What punitive measure will Auckland's health bosses come up with next to try to bully recalcitrant patients into line? Introduce snap fines on oldies who forget to take their morning blood-pressure medication?
Smoking cigarettes is a nasty and unhealthy pastime, but it's not illegal and the new campaign by the Cancer Society, the Auckland Regional Public Health Service and local district health boards to have smoking banned from the city centre, parks, sports grounds, and assorted other public open spaces is totally overboard.
It reminds me of the zealots who lost their fight against the legalisation of prostitution, so regrouped and tried to win their battle by bylaw instead.

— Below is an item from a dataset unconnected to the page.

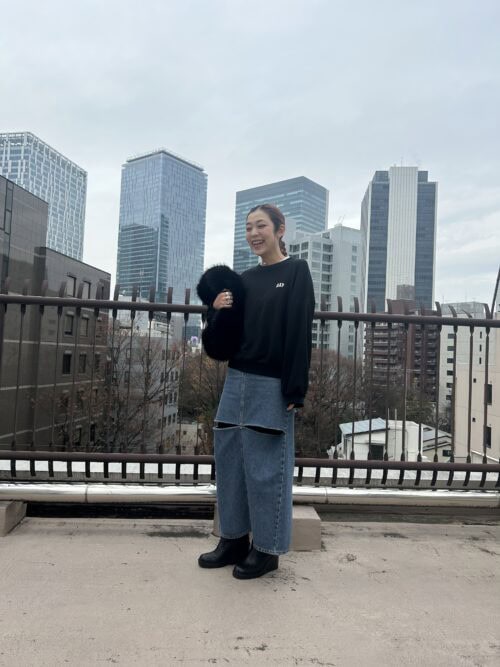 スウェットにデザイン性の高いデニムスカートをあわせた、カジュアル要素の高い着こなし。スウェットは、黒地にワンポイントが入っているシンプルなデザインを選び、ほかのアイテムもブラックで統一していることでスタイリッシュにまとまります。ファーバッグや厚底のブーツなど、キャッチーなアイテムを入れ、遊びも感じる上級コーディネイトです。

It took the courts to remind them and their Ma Grundy councillor allies that Parliament was boss.
Likewise, the health crusaders have failed to convince parliamentarians to add tobacco to the list of prohibited drugs, so now they're trying to get their way by stealth.

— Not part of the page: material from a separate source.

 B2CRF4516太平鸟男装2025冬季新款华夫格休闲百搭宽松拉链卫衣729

In my first newsroom - the old Auckland Star - the smoky fug towards the end of the working day infiltrated your eyes and nose and hair and clothes. Chances were, non-smokers like me ended up sharing desk space and a nicotine-encrusted phone with a smoker. Then it was off to the pub for more. The eventual banishing of this filthy habit from the workplace, including bars, restaurants, buses and other indoor public spaces, was a glorious victory for public health and I celebrated.
But then - as now - I had no wish to go for the jugular and ship all those who'd blown smoke over me for years off to re-education camps.
Forcing them out on to the street in the wind and the rain to sneak a fag seemed punishment enough. They were suffering an addiction, after all.
Today's health police are obviously made of sterner stuff. They are pushing Auckland Council to increase the ban on smoking to just about anywhere within the old city walls. Where smokers will be able to have a legal gasp is not clear.
If I were a plot theorist - or fat - I'd be starting to speculate about what other targets the newly emboldened "public health" crusaders had hidden up their sleeves. A round-up of the obese, perhaps? After all, they're as big a drain on the public health purse.
Tracking down the comparative figures is difficult. In 2004 the Cancer Society claimed the cost of smoking-related health care to the taxpayer was about $250 million a year, while the anti-smoking group Ash put the "tangible cost of smoking" in 2005 at $1.7 billion.
In 2006, Prime Minister Helen Clark labelled obesity and tobacco "these two major killers" at a World Health Organisation conference in Auckland.
She told delegates "obesity is a time bomb for New Zealand and the Pacific", estimating it was costing the health budget $303 million a year.
In 2009 a report put the cost at $900 million - heading for the top end of smoking health costs.
The number of victims are similar, with about 21 per cent of adult Kiwis regular smokers and 27 per cent of us clinically obese.
Today the talk is of banishing smokers from Queen St, but what about next week? Cleansing the city of recidivist fatties with weigh-ins outside Smith & Caughey's and the Britomart station and spot fines for anyone drinking sugar-laden Coke in public?
They say it's to protect children from second-hand smoke and preventing copycat behaviour. One suspects the biggest risk of both occurring is in the family home, which doesn't seem to be included in the present proposal. As for encouraging new smokers by example, it's hard to imagine the furtive, addiction-driven smoking you see behind bus shelters and work entrances these days as something teens would see as sexy.
Smokers now tend to be apologetic about their addiction. Hounding them further is just vindictive.